Se dirigió hacia el oeste y no volvió a detenerse hasta que hubo salido de Burbank y estuvo bien metido en North Hollywood. Escuchó una descripción de sí mismo emitida por la policía local y no pudo reprimir una sonrisa. La descripción se pasaba por diez años y veinte kilos, el resto era tan genérico que no importaba. El número de matrícula que proporcionaban era exactamente el mismo que el de las placas ocultas bajo su asiento, pero se habían equivocado con la marca. Lo describieron como un Ford LTD. Karch encendió un cigarrillo y trató de tranquilizarse. Burbank no iba a suponer ningún problema.

Era medianoche, y Karch pensó que ya había transcurrido el tiempo suficiente para que Leo Renfro hubiera llegado a su destino. Aparcó en el estacionamiento de un supermercado abierto las veinticuatro horas llamado Ralph’s. Acababa de abrir su receptor QuikTrak cuando sonó el busca. Comprobó el número y vio que se trataba de Grimaldi. Decidió no llamarle, e incluso desconectó el aparato: no quería que volviera a sonar en un momento inoportuno.
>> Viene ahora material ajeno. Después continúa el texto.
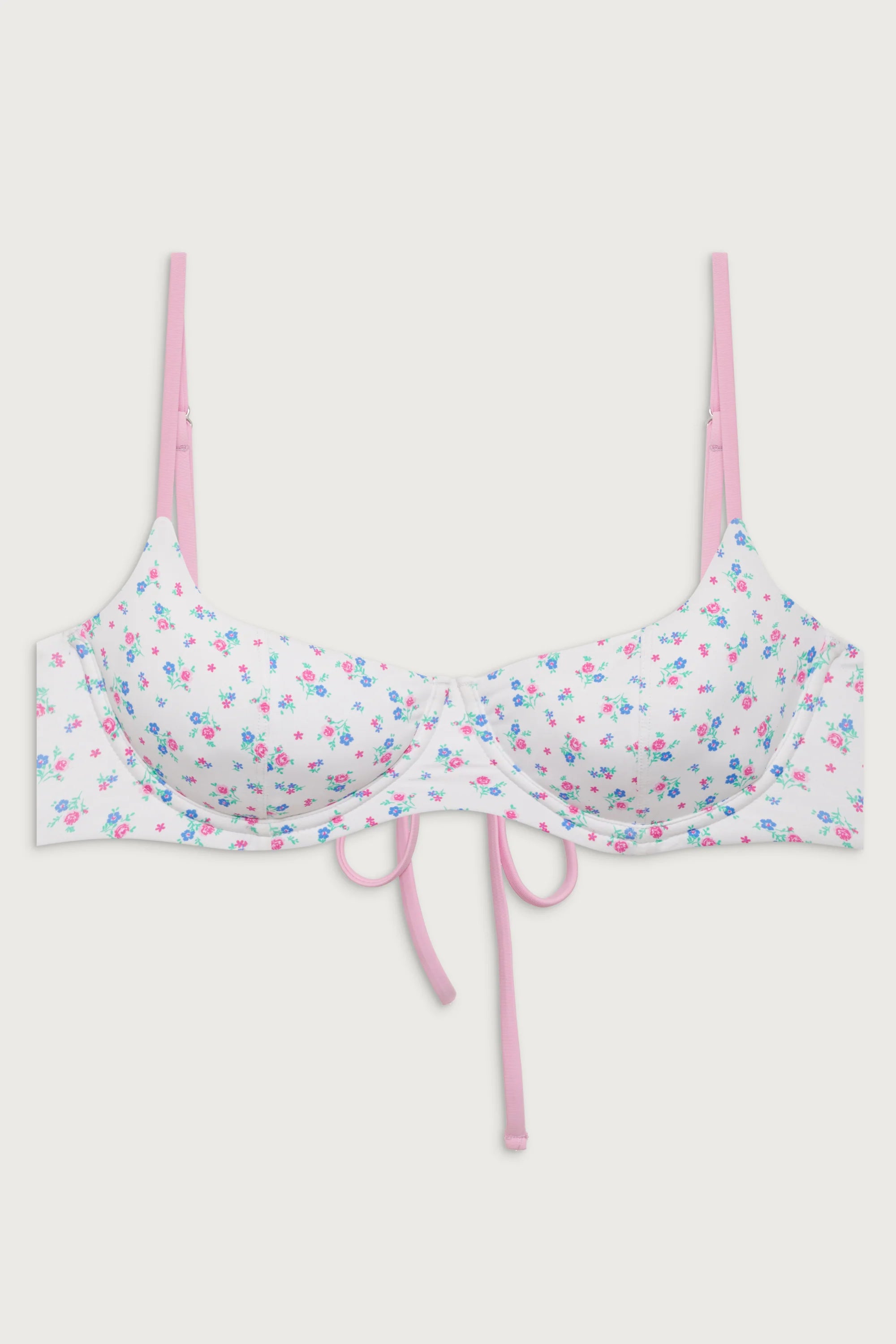 The Cola bikini top is designed to give you the lift you're looking for with adjustable shoulder straps and underwire support. Pair the Cola balconette bikini top with the matching Dove bottom as the sweetest any-season set in our newest floral Sweet Meadow print.

Karch cargó el software QuikTrak y tecleó una orden solicitando el archivo histórico de movimientos del transmisor situado bajo el coche de Leo Renfro. Un plano de la zona norte de Los Angeles apareció en pantalla con una línea roja que mostraba el recorrido del vehículo. Karch había acertado. Leo Renfro había dado una larga vuelta por el valle de San Fernando, conduciendo en círculos y realizando varios giros de ciento ochenta grados. El ordenador reveló que el transmisor permanecía estático desde hacía doce minutos. Renfro se había detenido. El programa situaba el vehículo en Citrón Street, en Tarzana.

– Allá voy, Leo -dijo Karch en voz alta.

Arrancó el Lincoln y salió del estacionamiento para dirigirse a Tarzana.